Question

\(C_{11}H_{18}O_{12}\)The value of the Rydberg constant (\(R_H\)) is \(2.18 \times 10^{-18} \, \text{J}\). The velocity of an electron having mass \(9.1 \times 10^{-31} \, \text{kg}\) in Bohr's first orbit of the hydrogen atom is:\(\dots \times 10^5 \, \text{ms}^{-1}\) (nearest integer).

Answer 1

Correct Answer: 22

Using the formula for the velocity of an electron:

\( v = 2.18 \times 10^6 \times \frac{Z}{n} \)

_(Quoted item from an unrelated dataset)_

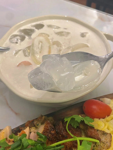 Thai dessert, taste amazing! Very refreshing, sweet but not cloying. If you don't like coconut, you’d be fascinated by this coconut dessert. The only ingredient inside is palm fruit. If you are used to eating desserts with various toppings such as pearl, taro ball, red beans, you may find this monotonous. Palm fruit is chewy, but there are two other options: rambutan and longan.
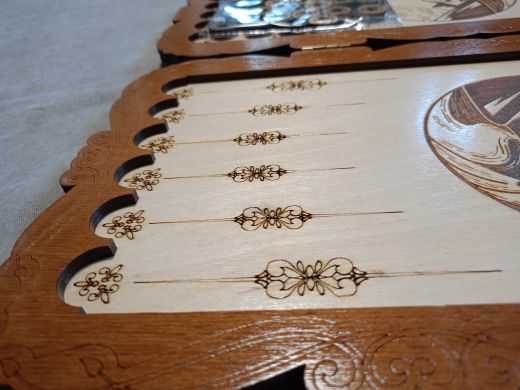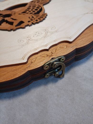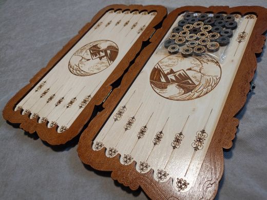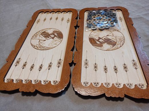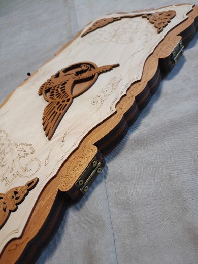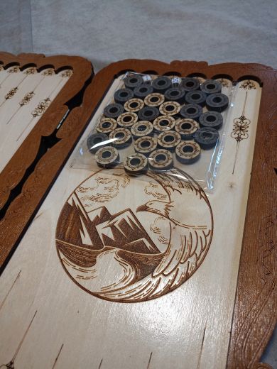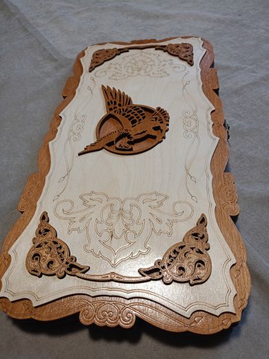 Нарды средние резные "Орёл", ручной сборки. Деревянные нарды выполнены из березы высочайшего качества и покрыты износостойким лаком в три слоя! Это обеспечивает прочность и устойчивость к негативному влиянию внешней среды, соответственно, и продолжительный срок эксплуатации. В комплекте с резными нардами идут КУБИКИ и ФИШКИ (30шт), имеющие ОТВЕРСТИЕ, благодаря которому их удобно перемещать, а БАРХАТНОЕ покрытие, обеспечивает идеальное скольжение по площади игровой зоны. Нарды имеют прочную защелку с курковым механизмом - случайное открытие исключено! Размер нард: 48*24*4 см

For hydrogen (\( Z = 1, n = 1 \)):

\( v = 2.18 \times 10^6 \times \frac{1}{1} = 2.18 \times 10^6 \, \text{ms}^{-1} \approx 22 \times 10^5 \, \text{ms}^{-1} \)

Answer 2

Step 1: Recall the formula for the velocity of an electron in the nth Bohr orbit
In Bohr’s model for the hydrogen atom, the velocity of an electron in the nth orbit is given by:
\[ v_n = \frac{e^2}{2\varepsilon_0 h} \cdot \frac{1}{n} \] However, it can also be expressed in terms of the Rydberg constant \(R_H\) as:
\[ v_n = \sqrt{\frac{2R_H h}{m_e}} \cdot \frac{1}{n} \] But the simplest and direct Bohr-derived expression is:
\[ v_n = \frac{e^2}{2\varepsilon_0 h} \cdot \frac{1}{n} \] Yet since we are given \(R_H = 2.18 \times 10^{-18}\, \text{J}\), we can instead use the energy relation:
\[ E_n = -R_H \cdot \frac{1}{n^2} = \frac{1}{2} m_e v_n^2 \] for the first orbit (\(n = 1\)).

Step 2: Solve for \(v_1\)
\[ R_H = \frac{1}{2} m_e v_1^2 \] \[ v_1 = \sqrt{\frac{2R_H}{m_e}} \] Substitute the given values:
\[ R_H = 2.18 \times 10^{-18}\, \text{J}, \quad m_e = 9.1 \times 10^{-31}\, \text{kg}. \] \[ v_1 = \sqrt{\frac{2 \times 2.18 \times 10^{-18}}{9.1 \times 10^{-31}}} \] \[ v_1 = \sqrt{\frac{4.36 \times 10^{-18}}{9.1 \times 10^{-31}}} = \sqrt{4.79 \times 10^{12}} = 2.19 \times 10^{6}\, \text{m/s}. \]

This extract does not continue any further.